Your job is to return the whole listing unchanged while skipping its images.

The data Block Start

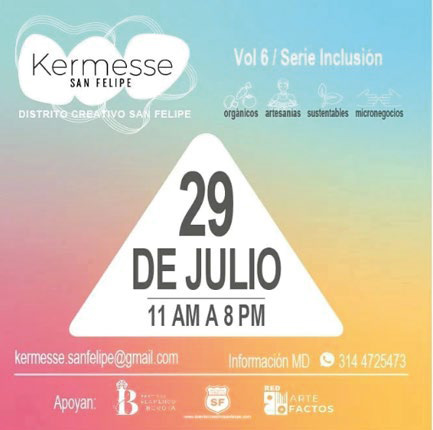 La KERMESSE San Felipe es una nueva experiencia de apoyo, difusión, educación y consumo consciente dirigido a la población bogotana. El concepto lo llevará a disfrutar de Mercados Campesinos, Moda consciente, Espacio Cultural, Galerías, Joyería, Librería, Gastro Bar, Panadería artesanal con productos locales de alta calidad en medio de actividades artísticas, charlas, juegos y talleres conscientes
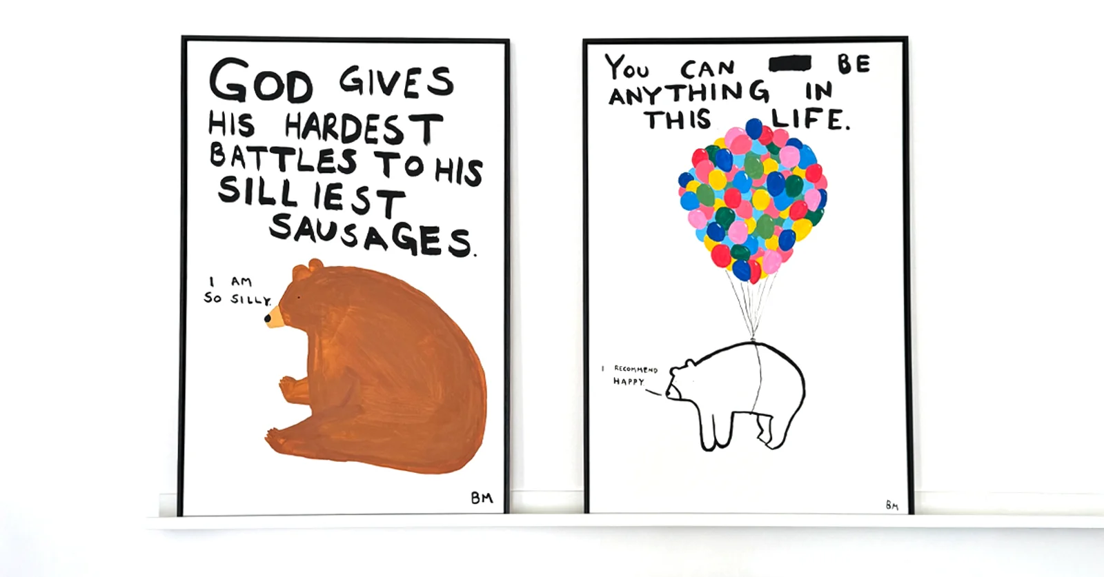 Inspired by two of Billy's most popular prints, we are proud to introduce two BIG original canvases in the form of Be Anything and Silliest Sausages.
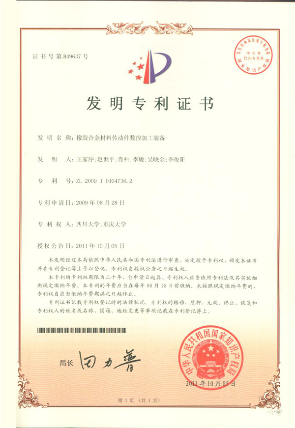 水潤滑橡膠合金軸承及其制造裝備發(fā)明專利證書

The data Block End

Task solution:
 La KERMESSE San Felipe es una nueva experiencia de apoyo, difusión, educación y consumo consciente dirigido a la población bogotana. El concepto lo llevará a disfrutar de Mercados Campesinos, Moda consciente, Espacio Cultural, Galerías, Joyería, Librería, Gastro Bar, Panadería artesanal con productos locales de alta calidad en medio de actividades artísticas, charlas, juegos y talleres conscientes
 Inspired by two of Billy's most popular prints, we are proud to introduce two BIG original canvases in the form of Be Anything and Silliest Sausages.
 水潤滑橡膠合金軸承及其制造裝備發(fā)明專利證書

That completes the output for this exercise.